Boat dealers, chandleries, detailers, mechanics, logically follow a larger boating population. Increasing the number of seasonal moorings and maybe relaxing some rules for new or established marinas to accommodate more seasonal boaters might be a way to increase the long term, as opposed to transient, boating population. The support business would eventually follow.

Also, relax outdated rules at the railroad dock to encourage new charter and party boats to come and make Greenport their home port.

John Saladino


We’re all still here

Being a born-again atheist, I greeted the news of the promised rapture with glee.

Christian evangelist Harold Camping outdid Santa Claus in checking his Bible more than twice and assured me that all god’s chillun’ were going to that heavenly great reward. And us sinners — even our soulless pets — were stuck here on old terra inferna.

Why was I happy? You might rightfully ask. If you can imagine Greenport in the summer without the tourists, you know the answer.

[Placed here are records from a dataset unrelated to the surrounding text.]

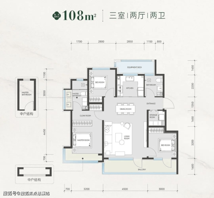 108㎡「雅庭」以 “紧凑不局促、功能全到位” 为原则,在三房两卫格局中,平衡收纳、互动与私密,适配从二人世界到三口之家的首置进阶需求。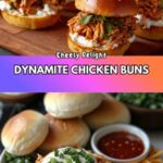 Cheesy Dynamite Chicken Buns are a delicious and spicy appetizer featuring shredded chicken mixed with a creamy, flavorful sauce and melted cheeses, all baked inside soft sandwich buns. They are perfect for parties or a tasty snack that combines heat, creaminess, and gooey cheese in every bite.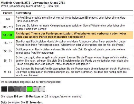Am Schluss, nach Beantwortung der letzten Frage, meistens 10 bei wichtigen Situationen in einer Partie, bekommt der trainierend Lernende das Ergebnis seiner Leistung angezeigt. Auf einer 7er-Skala bewertet wird er mit praktischen Tipps und Ratschlägen informiert und aufgefordert sein weiteres Training mit der Chess Tigers Methode zu gestalten.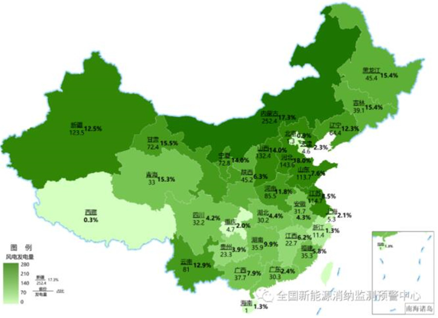 截至3月底各地區(qū)累計(jì)風(fēng)電發(fā)電量(億千瓦時(shí))及占本地區(qū)總發(fā)電量比重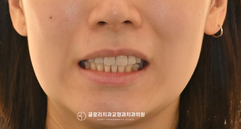 다만 턱뼈 자체의 비대칭이나 골격적인 문제가 아니라면 치아 배열만 교정해도 충분히 개선이 가능합니다.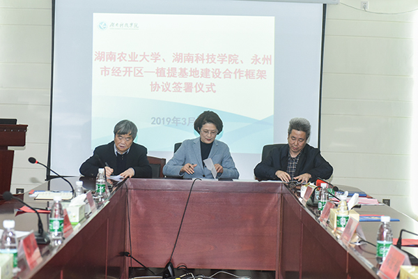 本网讯 3月12日下午,学校与湖南农业大学、永州经开区举行合作签约仪式,共同签订了《湖南农业大学和九州线上平台科技支撑永州经开区植提基地建设合作框架协议》。湖南农科院党委书记柏连阳教授,湖南农业大学曾建国教授,永州经开区党委副书记、管委会主任李瑛,校党委书记、校长曾宝成,副校长宋宏福,化学与生物工程学院负责人和相关学科团队负责人参加仪式。仪式由宋宏福主持。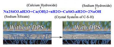 The inner alkali content of the concrete is about 360 times more thanthe surface’s, through the pores, DPS penetrates into the concrete structures, chemically reacts with the free alkalispresented in the concrete and forms silicate gel, which seals the micro cracks and capillary pores becomes the integral partof the concrete, strengthens the concrete structure, and blocks the harmful substances ingress; when water losses, it partlysolidifies into crystalline powder, let the concrete breathe freely, when meets with moisture or water, this reaction repeatsagain, thus, gives the concrete permanent waterproofing and protection, such as sealing, waterproofing, anti-permeating,hardening, dust-proofing, anti-corrosion etc.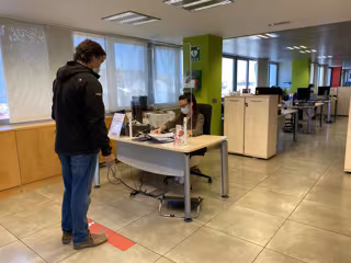 Además, hay diversos carteles informativos en los mostradores, y se han establecido dos circuitos, uno de entrada y otro de salida, con pegatinas de diferente color en el suelo, así como diversas zonas de espera marcadas con círculos, y que mantienen una distancia social de dos metros. No se permite la entrada si no se han seguido las normas establecidas.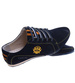 Sznurowane chłopięce półbuty w granatowym kolorze z żółtymi dodatkami to propozycja, która łączy w sobie styl, funkcjonalność i wygodę, idealna dla młodych odkrywców. Buty zostały uszyte zamszowego materiału.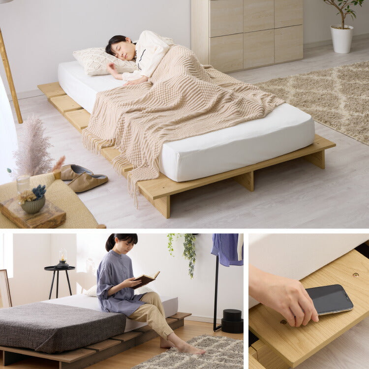 【セット販売】ベッドフレーム ボンネルコイルマットレス セミダブル すのこベッド おしゃれ 韓国インテリア 北欧 すのこ 脚付き 木目調 低床 かわいい コンパクト ステージベッド 可愛い ベット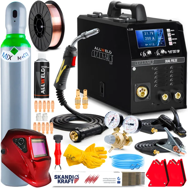 SPARTUS® EasyMIG 207DP to półautomatyczna spawarka oparta na technologii tranzystorów IGBT. Umożliwia: synergiczne spawanie MIG/MAG z podwójną pulsacją, synergiczne spawanie MIG/MAG z pulsacją, spawanie MIG/MAG w trybie synergicznym, spawanie TIG Lift oraz spawanie elektrodą otuloną MMA. Maksymalny prąd spawania dla wszystkich metod wynosi 200A. Urządzenie zasilane jest z jednofazowej sieci o napięciu 230V.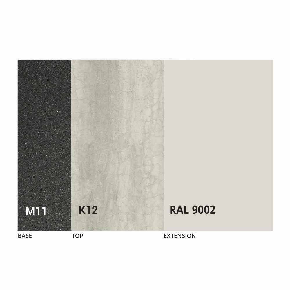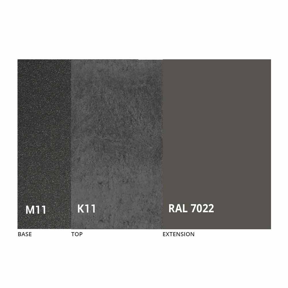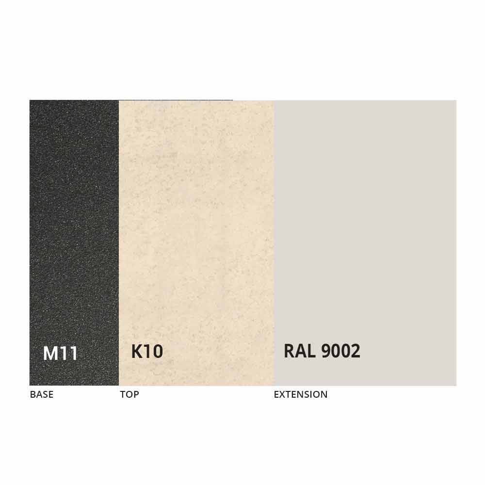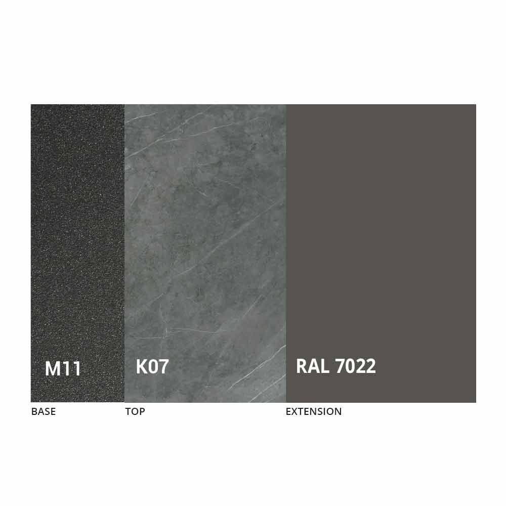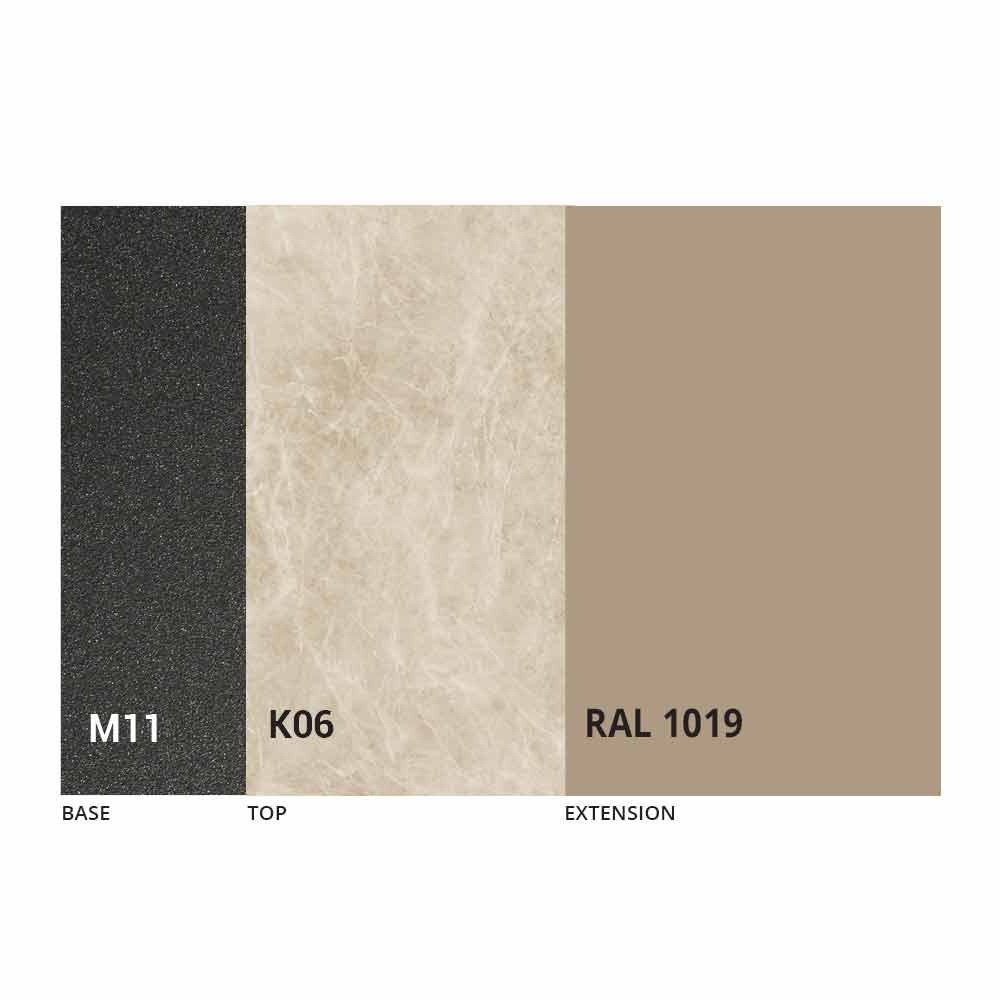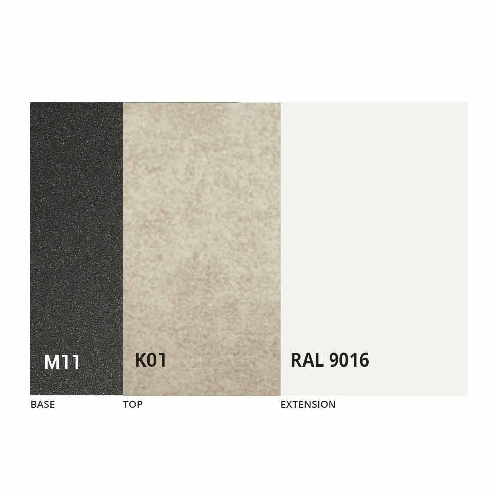 Bordsskivan och basen kan anpassas med olika material och provfinish eller RAL-lackering. För information, kontakta oss genom att använda det lämpliga formuläret "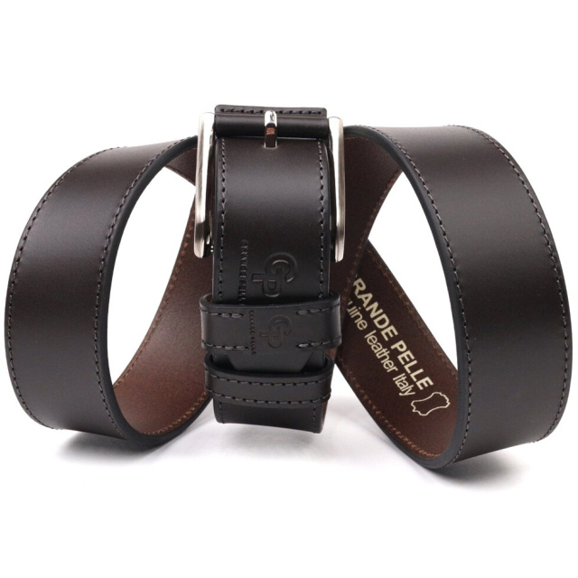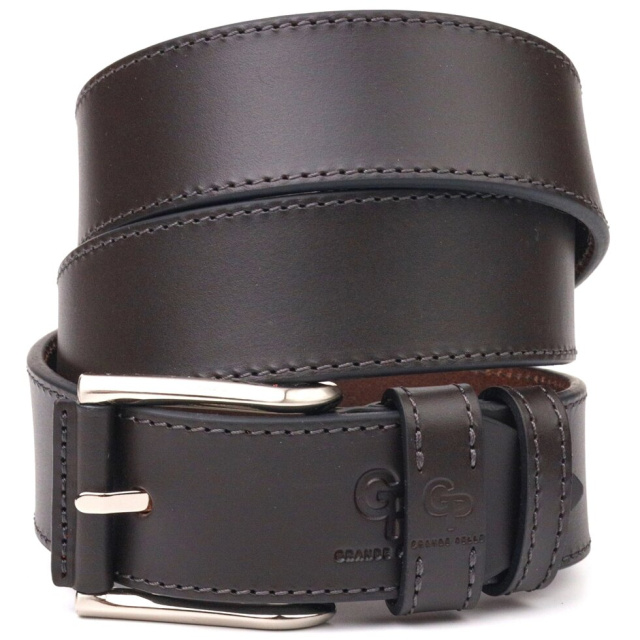 Класичний ремінь із натуральної італійської шкіри, в коричневому кольорі від українського виробника. Аксесуар має гладку фактуру, акуратно прошитий по краю рівним рядком, довжина регулюється в меншу сторону. Пряжка класична в мінімалістичному дизайні, виробник використовує виключно італійську фурнітуру, яка не темніє, не дряпається та не викликає алергії. Ця модель універсальна, оскільки її можна носити і з джинсами, і з брюками. Якісний шкіряний ремінь стане гарним подарунком на будь-яке свято.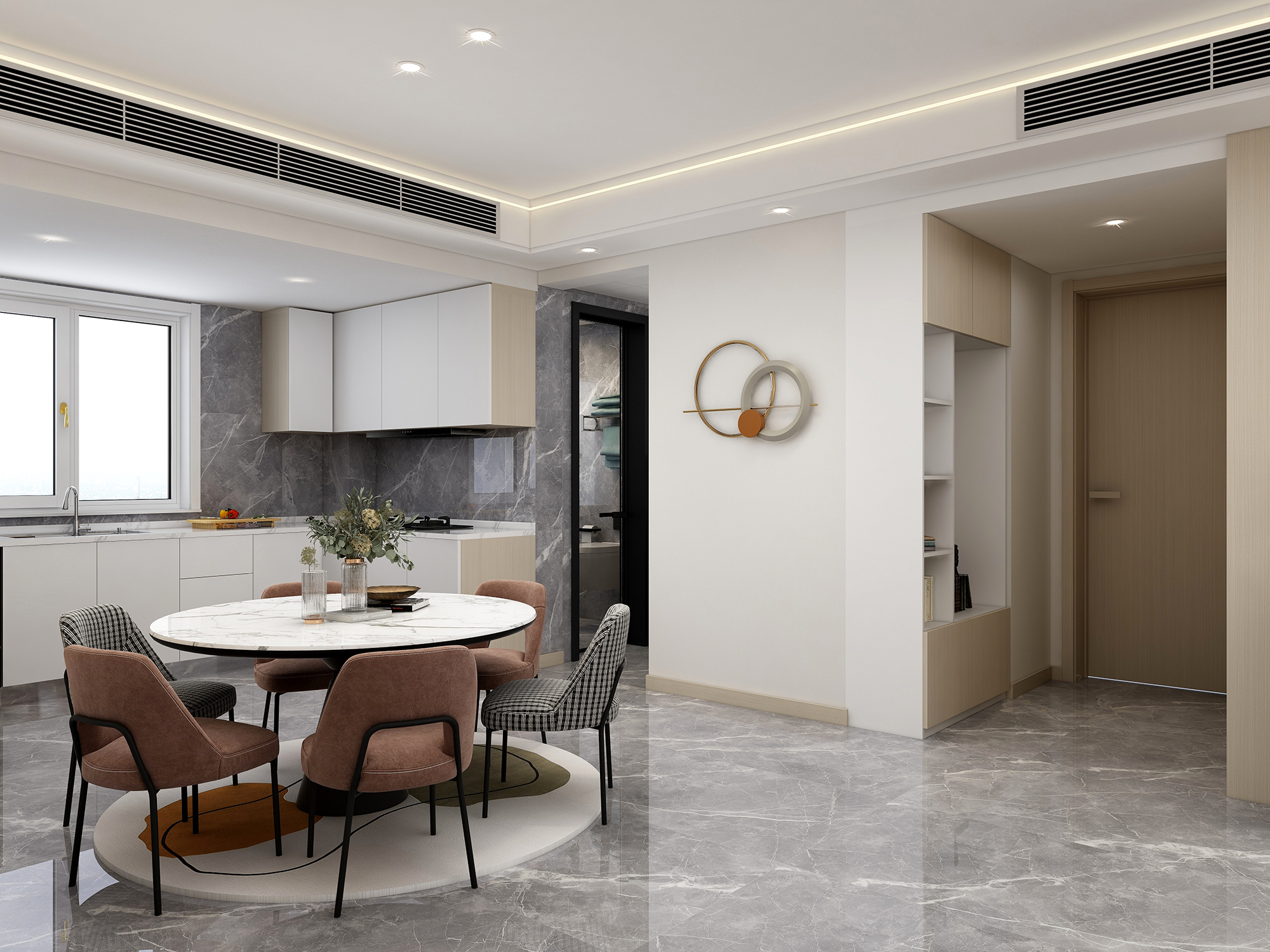 敞开式厨房充分利用转角处打造半入嵌式衣柜,柜门配色更好地融入空间整体性。日常杂物放入柜子,让房间看起来更整洁干净。

When I awoke on Sunday morning and looked out the window, I sadly realized that I would still be sharing this overcrowded planet as before.

And that, to my dismay, meant I would be forever destined to read even more letters published in The Suffolk Times written by John Copertino.

What a bummer.

Michael Edelson


Look it up

Before more folks enter the debate on alternative lifestyles, they need to read Genesis, chapter 19.

Paul Hunter


Plan for a tornado

With the recent violent tornadoes across the country, are Southold Town residents and Southold Town prepared for handling a tornado?

We have just set up a small shelter in our basement, and purchased a weather radio so we are prepared. There are no weather warnings on Cablevision for approaching storms of any type, unless you’re on a major network like ABC or the Weather Channel. No sirens to alert the residents of an upcoming tornado.

People need to be prepared for how they would handle our town getting hit with a tornado. I have recently written a letter to Scott Russell and asked what preparations the town has in place.

We have preparations in the Town of Southold for a hurricane and a snow storm. We need a plan for a possible tornado.